[SOURCE MATERIAL — start]

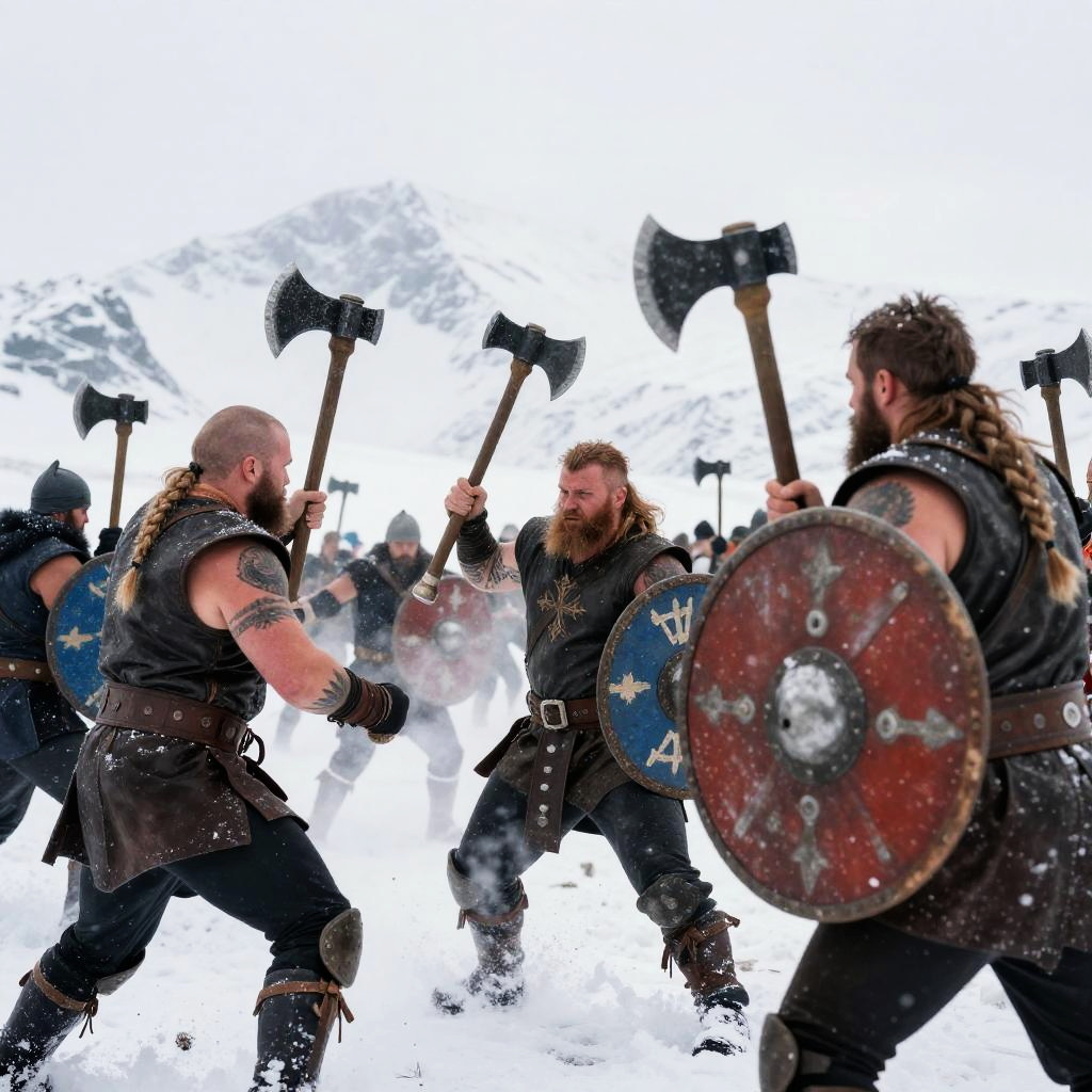 Strongman Iceland Vikings engaged in fierce battle amid snow-covered mountains, wielding large axes and shields, steam rising from their breath in cold air, detailed braided hair and tattoos, epic and intense atmosphere under overcast skies.
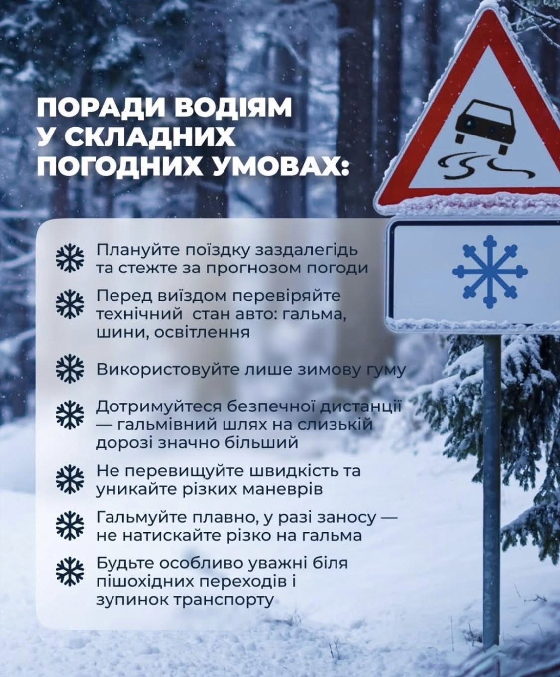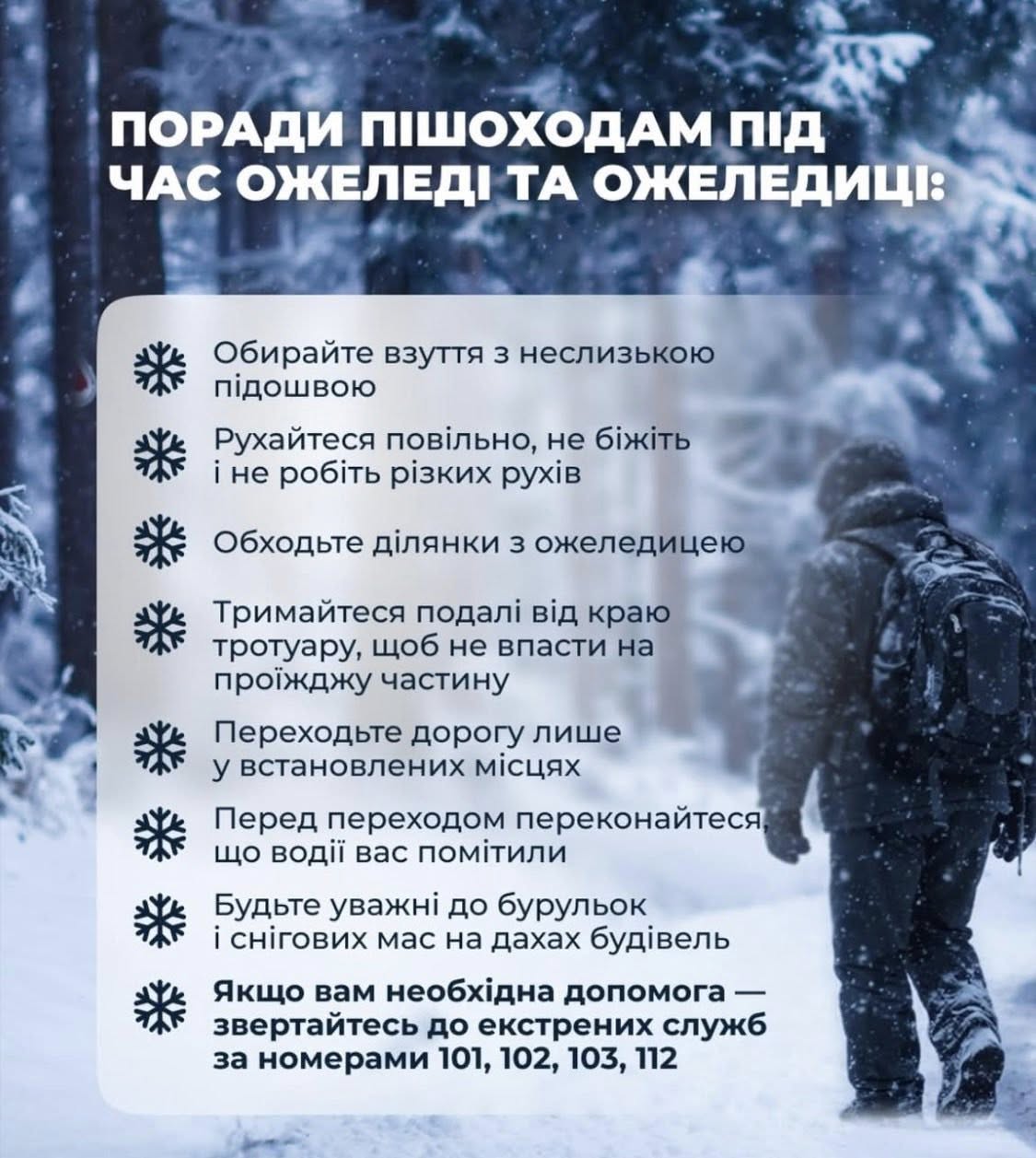 ❄️Негода часто приходить раптово. Як діяти під час сильного снігопаду або ожеледиці – розʼяснення від МВС.
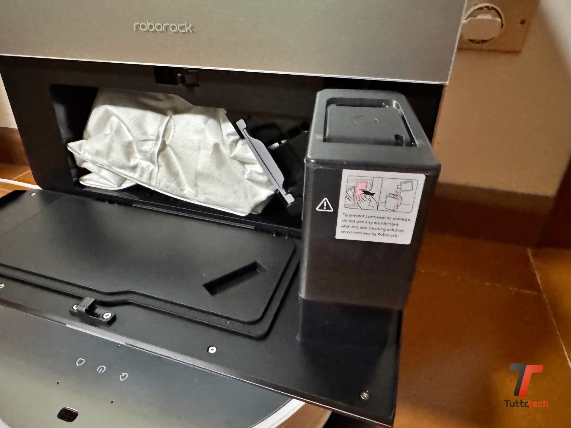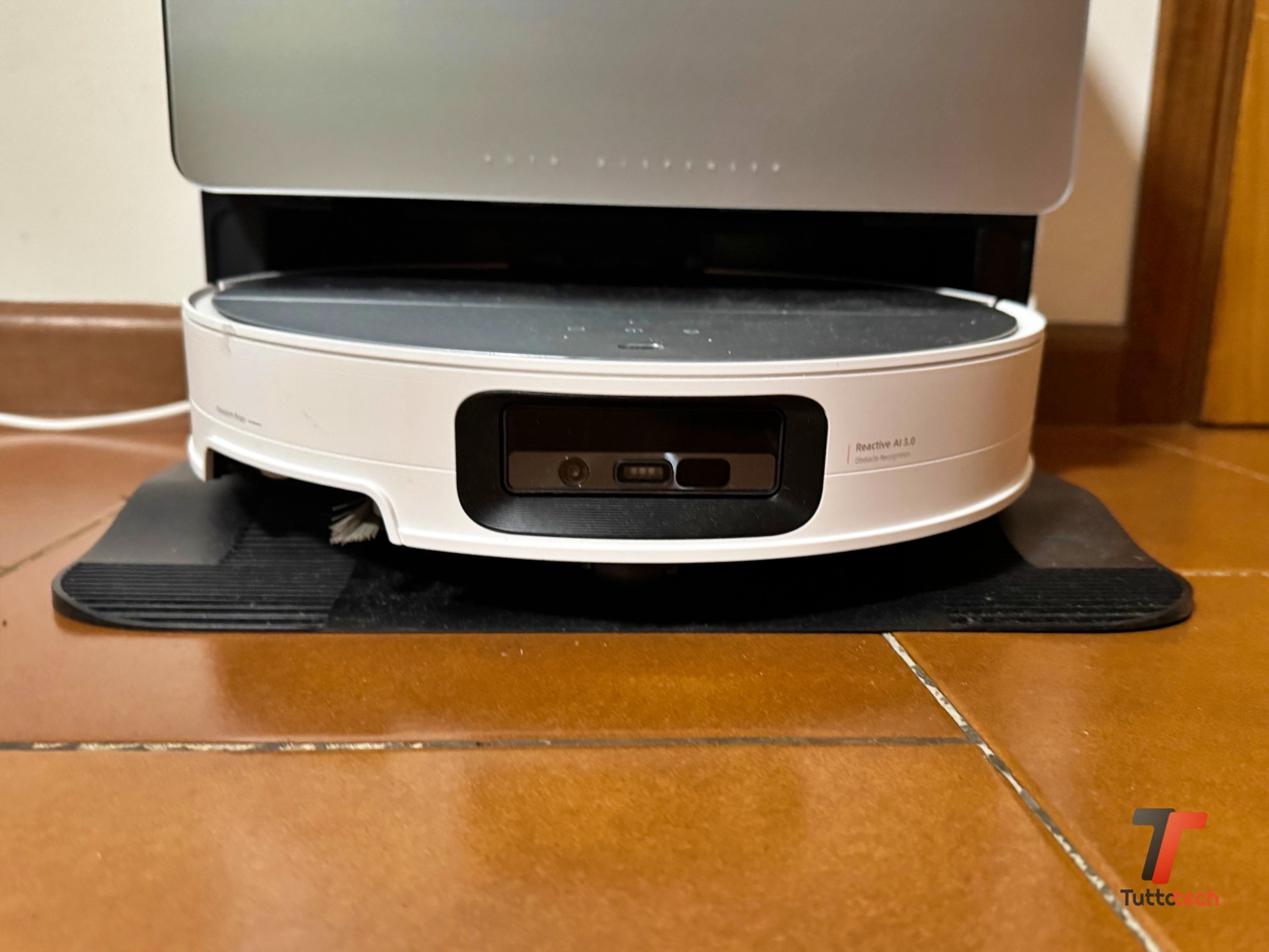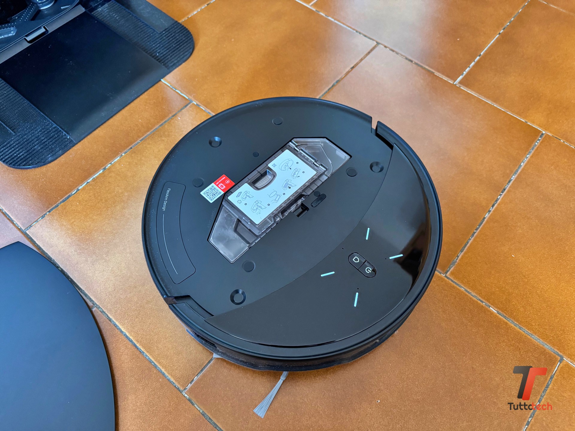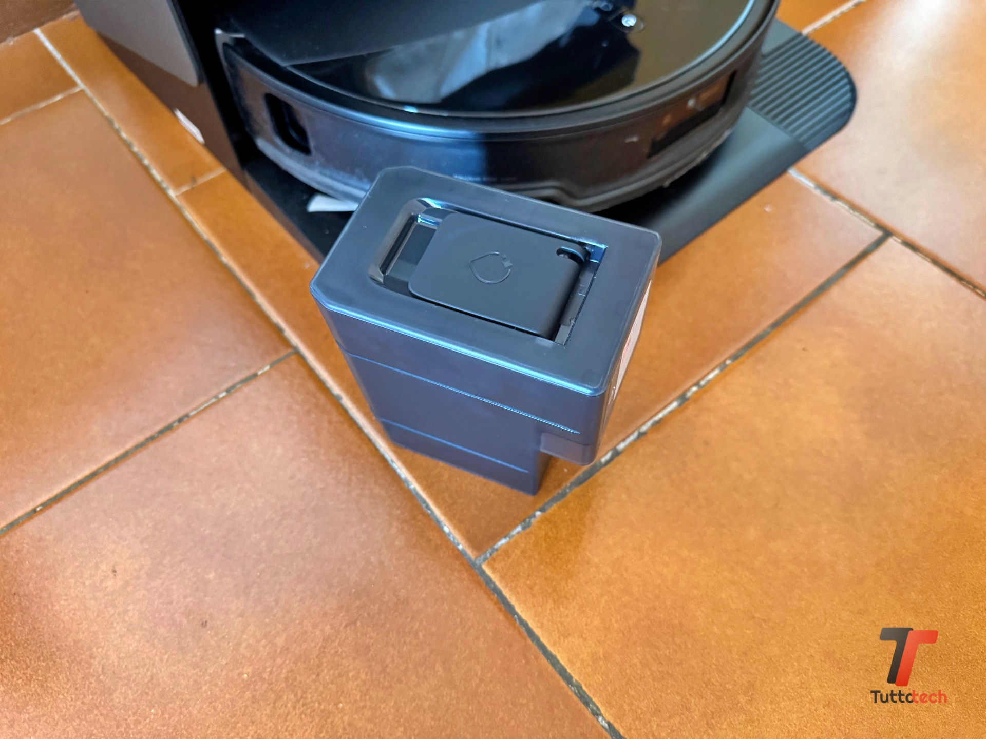 La stazione di lavaggio è decisamente evoluta e nasconde, sotto a un coperchio, i due contenitori per acqua pulita e acqua sporca. Appena sopra all’alloggiamento del robottino è presente uno sportello che nasconde il sacchetto della polvere e il contenitore per il detergente, che viene aggiunto autonomamente dal robot in base alle dimensioni delle stanze da pulire.

[SOURCE MATERIAL — finish]

**WORK REQUEST**
Exclude the images and reproduce the remaining data exactly.

**WRITTEN SOLUTION**
 Strongman Iceland Vikings engaged in fierce battle amid snow-covered mountains, wielding large axes and shields, steam rising from their breath in cold air, detailed braided hair and tattoos, epic and intense atmosphere under overcast skies.
 ❄️Негода часто приходить раптово. Як діяти під час сильного снігопаду або ожеледиці – розʼяснення від МВС.
 La stazione di lavaggio è decisamente evoluta e nasconde, sotto a un coperchio, i due contenitori per acqua pulita e acqua sporca. Appena sopra all’alloggiamento del robottino è presente uno sportello che nasconde il sacchetto della polvere e il contenitore per il detergente, che viene aggiunto autonomamente dal robot in base alle dimensioni delle stanze da pulire.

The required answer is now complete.